━━━━━ Record extracts ━━━━━

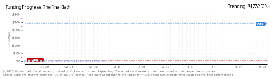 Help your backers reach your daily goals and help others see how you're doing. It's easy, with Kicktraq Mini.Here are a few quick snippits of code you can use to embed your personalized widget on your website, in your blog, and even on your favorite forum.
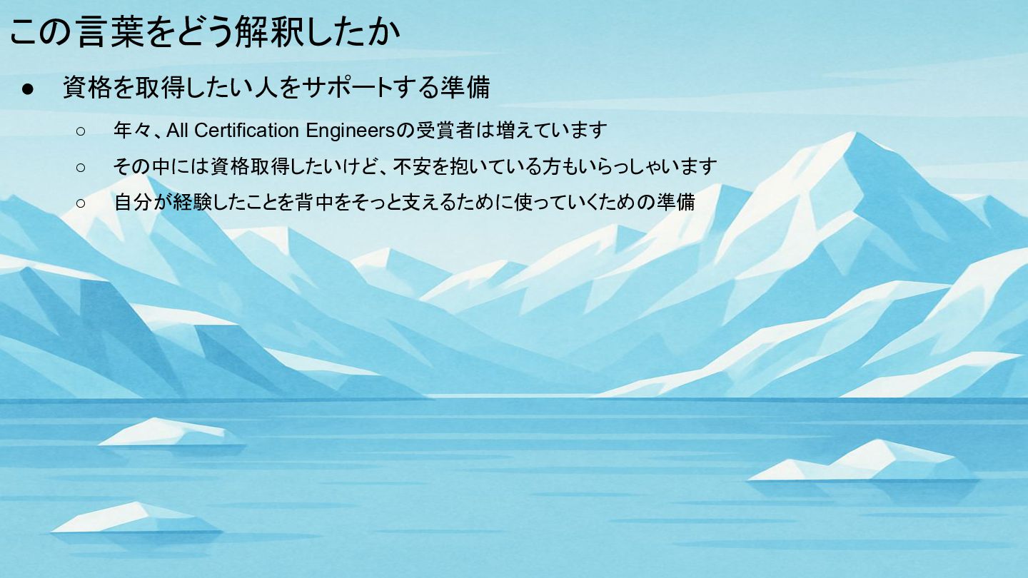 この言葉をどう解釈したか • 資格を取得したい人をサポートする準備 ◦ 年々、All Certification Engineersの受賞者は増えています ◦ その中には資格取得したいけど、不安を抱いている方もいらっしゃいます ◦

━━━━━
━━━━━ Record extracts ━━━━━

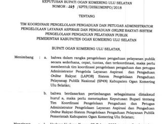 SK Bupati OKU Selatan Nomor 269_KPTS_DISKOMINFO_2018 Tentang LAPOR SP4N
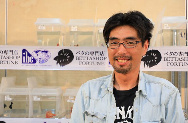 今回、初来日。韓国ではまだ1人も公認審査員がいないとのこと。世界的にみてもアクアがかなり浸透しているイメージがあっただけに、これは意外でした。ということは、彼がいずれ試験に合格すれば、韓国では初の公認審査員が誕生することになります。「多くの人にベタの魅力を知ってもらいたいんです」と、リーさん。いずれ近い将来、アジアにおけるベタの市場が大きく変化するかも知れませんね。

━━━━━

[What the exercise asks]
Give again, exactly as written above, every line from the one holding "Help your backers" to the one holding "この言葉をどう解釈したか • 資格を取得したい人をサポートする準備", with both ends kept and the pictures left out.

[Solution to this task]
 Help your backers reach your daily goals and help others see how you're doing. It's easy, with Kicktraq Mini.Here are a few quick snippits of code you can use to embed your personalized widget on your website, in your blog, and even on your favorite forum.
 この言葉をどう解釈したか • 資格を取得したい人をサポートする準備 ◦ 年々、All Certification Engineersの受賞者は増えています ◦ その中には資格取得したいけど、不安を抱いている方もいらっしゃいます ◦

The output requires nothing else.